Prosecutors Say Georgia Diocese Was Warned about Abusive Priest

By Phuong Ly
Washington Post
February 7, 2003

An inactive Roman Catholic priest who pleaded guilty in November to molesting two young Gaithersburg brothers in the mid-1970s was long suspected of having improper relationships with boys, but his Georgia diocese allowed him to work with children for years before removing him from parish duties in 1988, Montgomery County prosecutors said yesterday.

The Rev. Wayland Y. Brown, 59, who was sentenced to 10 years in a Maryland prison yesterday, admitted that he molested the Gaithersburg boys, now 40 and 41, while he was a seminarian at Catholic University.

After his arrest in June, the Diocese of Savannah, where Brown spent nearly all his career, said it knew of no earlier sex abuse complaints against him in the diocese, where he began teaching catechism classes in 1969 and was ordained in 1977.

But in a sentencing memo given to a Montgomery County judge yesterday, prosecutors said Brown's church personnel file shows that the Savannah Diocese received numerous warnings from priests and others who noticed Brown's suspicious relationships with boys from the late 1960s to the late 1980s. Since March, when one of the Gaithersburg victims reported being abused by Brown in 1974 and 1975, three other men have alleged that, in the late 1960s and 1970s, they also were molested by him.

The U.S. Catholic Church has been rocked in the last year by revelations that, for decades, church leaders across the country failed to take strong action against pedophile priests, concealing allegations against them. Brown's personnel file suggests that the Savannah Diocese followed that pattern, allowing Brown to work around children despite mounting suspicions about him and failing to share suspicions with police.

For example, the sentencing memo includes a statement from a sheriff's sergeant in Georgia alleging that Bishop Raymond W. Lessard, head of the Savannah Diocese for much of Brown's tenure, did not cooperate in a sex-abuse investigation of Brown in 1986. The sergeant said Brown could not be questioned because Lessard "sent [him] to an unknown location for an indefinite amount of time."

The sergeant said the bishop "at no time supplied me with any helpful information pertaining to" Brown. According to his personnel file, Brown was sent for treatment at a psychiatric center, after which he was returned to parish duties in the diocese. The law enforcement investigation did not result in charges.

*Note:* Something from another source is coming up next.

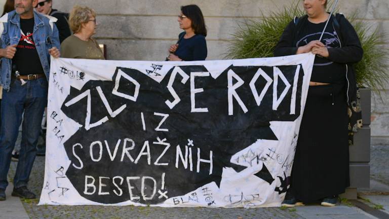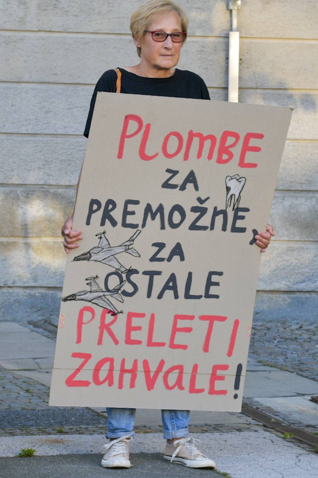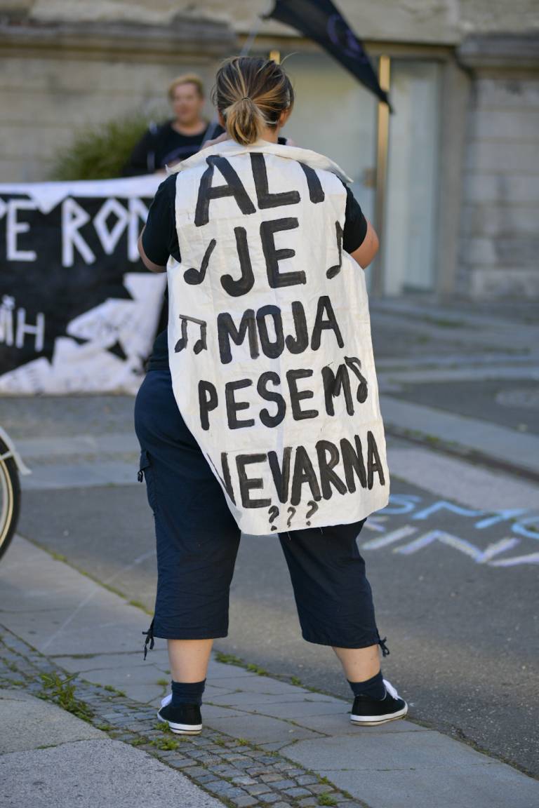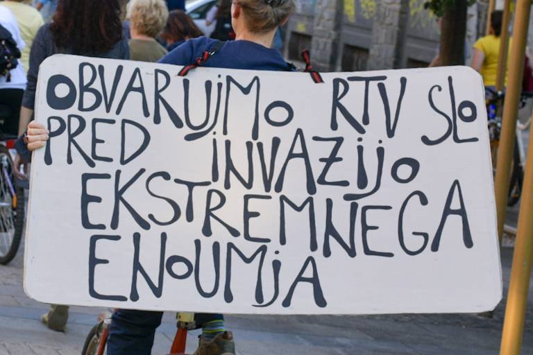 Protestniki so nase opozarjali z glasnimi trobljami, ragljami in hupami, številni so prinesli tudi transparente. Na njih smo lahko prebrali zapise »Zlo se rodi iz sovražnih besed«, »Obvarujmo RTV SLO pred invazijo ekstremnega enoumja«, »Plombe za premožne, za ostale preleti zahvale«.

"Father Brown robbed me of my future and left me shackled to the chains of guilt," one of the Gaithersburg brothers said in court yesterday. "How could God have allowed you to turn the rectory . . . into a place that was your own personal house of horrors?"

Brown, who pleaded guilty to child abuse and battery charges, sat quietly with his hands propping his chin and stared at his accuser. Then he told Circuit Court Judge Ann S. Harrington that he was remorseful over his past but was now a changed man and that he had helped many young people in "legitimate ways."

Barbara King, a spokeswoman for the Diocese of Savannah, said yesterday that the diocese was accurate in its statement in June. No formal complaints had been filed against Brown before the Gaithersburg case.

King said the diocese could not comment further on the case yesterday because the current bishop, the Most Rev. J. Kevin Boland, was out of the office.

Lessard, who retired as the Savannah bishop in 1995 and teaches at a Florida seminary, was unavailable to comment on Brown, according to a seminary secretary.

According to the personnel file, the monsignor of a Savannah parish expressed suspicions about Brown in 1969, when Brown was a catechism teacher. The monsignor wrote that Brown was "developing a coterie of young boys around him." Numerous similar reports followed from others.

When Brown applied for the priesthood in 1972, the monsignor wrote a letter to Lessard about his concerns. But Brown was accepted and began studying at Washington Theological College at Catholic University.

The abuse of the Gaithersburg boys began in 1974 after Brown befriended the brothers' mother and began spending a lot of time in their home. The brothers told police that they were sexually abused repeatedly until 1975. They said the abuse occurred in several places, including Brown's dormitory room at Catholic University.

In later years, according to Brown's personnel file, fellow priests and others continued warning about Brown's suspicious relationships with boys.

Lessard noted that he and Brown discussed "insinuations of homosexual orientation" by Brown and reports that Brown had been seen "at a local beach . . . in indiscreet behavior with a woman." According to the bishop's notes, Brown replied that he was not at the beach with a woman but with a young boy.